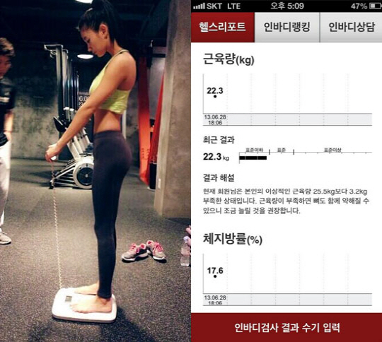 클라라는 몸매가 적나라하게 드러나는 레깅스 팬츠와 브라탑 운동복을 입은 채 긴장감이 역력한 얼굴로 인바디를 측정하는 자신의 모습과 체지방 분석 결과표를 함께 공개했다.
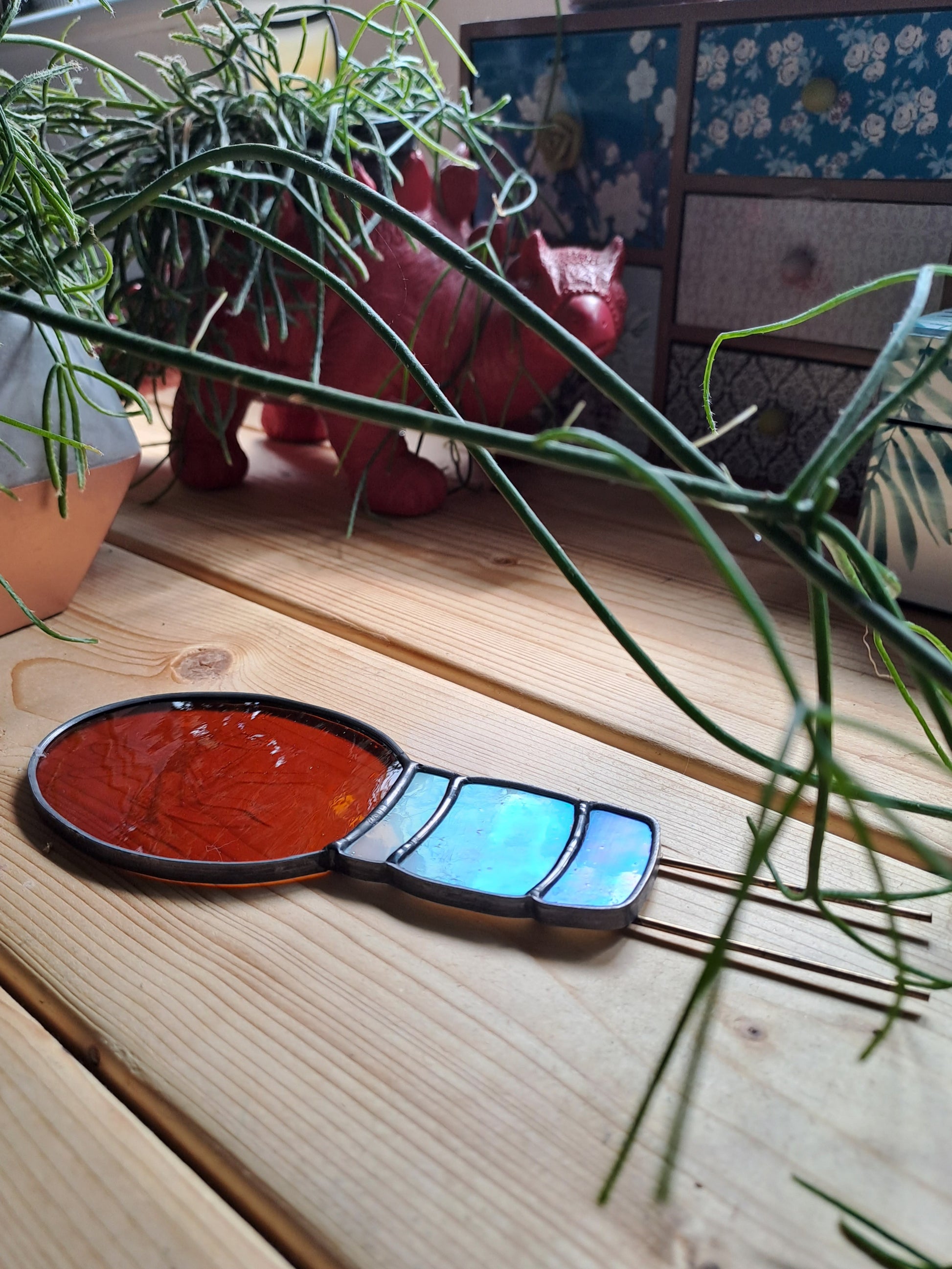 The piece is constructed in the 'Tiffany' copper foil tradition with a 'lead came' surround giving a crisp finish and added strength. Two lovely brass prongs are affixed firmly to the rear on the bottom edge to hold the steak upright in the soil. It looks as if Mr Hammond has carelessly left his cane sticking out of your plant pot!
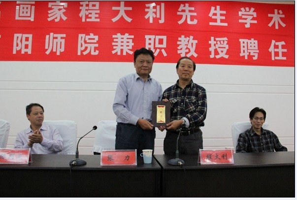 聘任仪式由美术学院院长刘根货教授主持。张力代表学校致辞并向程大利先生颁发了兼职教授证书;程大利发表感言,深切表达了对教师职业的热爱和受聘我校兼职教授的荣誉感和责任感。
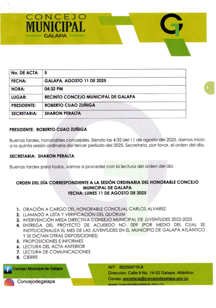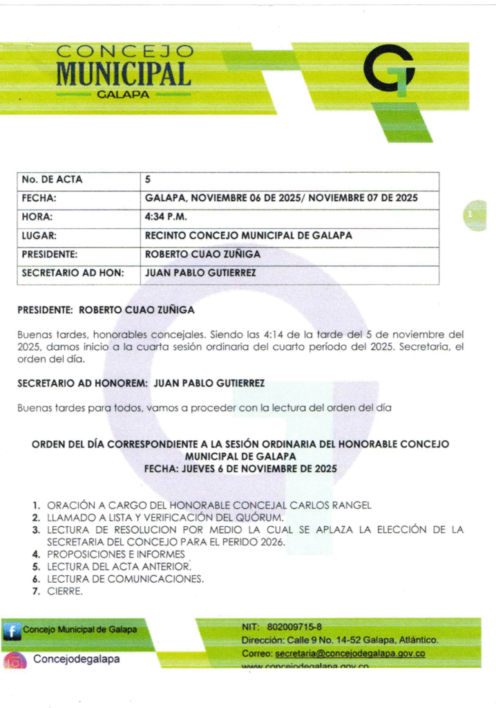 SESION ORDINARIA No. 5 NOVIEMBRE DESCARGAR
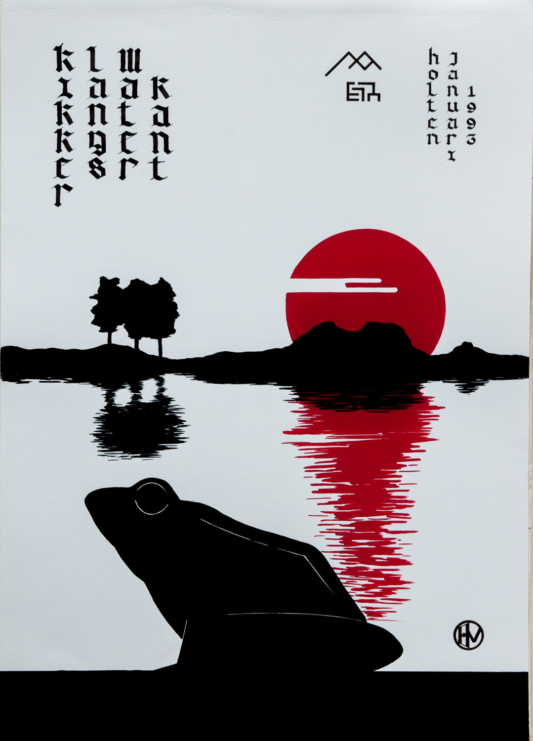 Tekst :" kikker langs waterkant", bij opkomende zon. Verticaal goed te lezen. Afmeting gouache 70 x 50 cm . Prijs € 400.
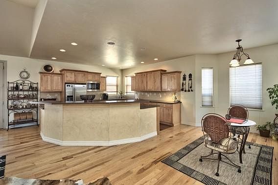 This North Grand Junction home shows pride of ownership and it has so many incredible features that you really have to see it to believe it. The inviting, open floorplan on the main floor has high ceilings, a gas fireplace, and a formal dining room, plus a cozy tv area and access to a large covered patio. Downstairs, an enormous family room has potential for so many uses. And the two bedroom, full bath apartment has exterior access and its own laundry room, so it makes a perfect in-law set-up or rental apartment. In addition, you'll find an attached 3 car garage, and a detached RV garage with storage shelves that can hold at least 4 cars, or an RV with plenty of room left over. The backyard is like a sanctuary with beautiful landscaping and a pond that is shared with the neighbors. This is a wonderful property with so much to offer.
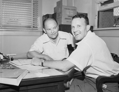 Clifford Johnson, right, newly named head coach at Fort Worth Tech, and Herman Clark, atheltic director for city schools, talk over Johnson's new duties. Johnson succeeds Johnny Stovall who will beocme an assistant coacha t Arlington Heights.
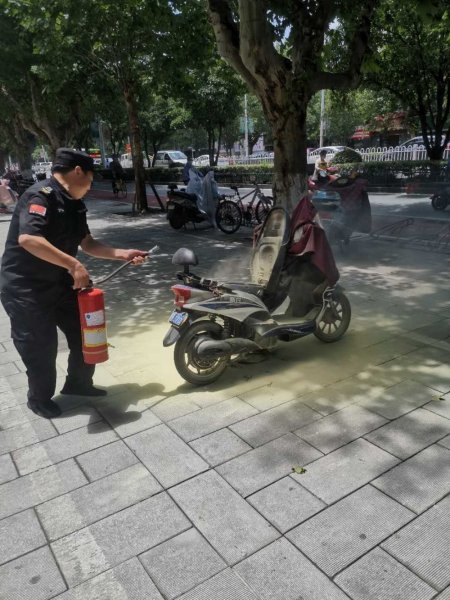 当天中午12:20分,网点正在准备例行消毒,张师傅对网点及周边环境进行日常巡查,第一时间发现了自燃的电动车,并迅速拿出了灭火器上前灭火。“外面的电动车很多,停放的又比较密集,不灭掉等下会烧到其他车子。”张兰洲在保安的岗位上工作了十多年,“邮储银行襄阳市分行营业部经常进行消防安全培训,而且每月进行演练,知道怎么灭火,这点事情没什么怕的。”
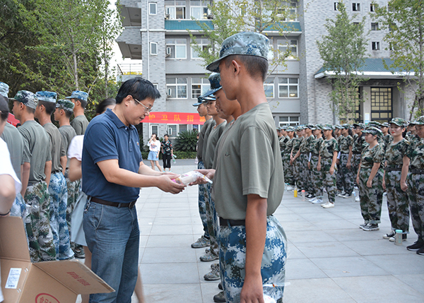 本网讯(记者 刘磊 吴秀丽)今天(9月13日)是一年一度的中秋佳节,党委书记朱继平、副院长尹家经、党委副书记孙细望分别到城中校区、西校区军训场地,慰问正在参加军训的2019级新生、教官和教职工。

━━━━━━━━━━━━━━━━

Required action - Using the entries above, write out exactly the lines from the one with "This North Grand" through the one with "当天中午12:20分,网点正", ends included. Leave out any pictures.

Exercise solution -
 This North Grand Junction home shows pride of ownership and it has so many incredible features that you really have to see it to believe it. The inviting, open floorplan on the main floor has high ceilings, a gas fireplace, and a formal dining room, plus a cozy tv area and access to a large covered patio. Downstairs, an enormous family room has potential for so many uses. And the two bedroom, full bath apartment has exterior access and its own laundry room, so it makes a perfect in-law set-up or rental apartment. In addition, you'll find an attached 3 car garage, and a detached RV garage with storage shelves that can hold at least 4 cars, or an RV with plenty of room left over. The backyard is like a sanctuary with beautiful landscaping and a pond that is shared with the neighbors. This is a wonderful property with so much to offer.
 Clifford Johnson, right, newly named head coach at Fort Worth Tech, and Herman Clark, atheltic director for city schools, talk over Johnson's new duties. Johnson succeeds Johnny Stovall who will beocme an assistant coacha t Arlington Heights.
 当天中午12:20分,网点正在准备例行消毒,张师傅对网点及周边环境进行日常巡查,第一时间发现了自燃的电动车,并迅速拿出了灭火器上前灭火。“外面的电动车很多,停放的又比较密集,不灭掉等下会烧到其他车子。”张兰洲在保安的岗位上工作了十多年,“邮储银行襄阳市分行营业部经常进行消防安全培训,而且每月进行演练,知道怎么灭火,这点事情没什么怕的。”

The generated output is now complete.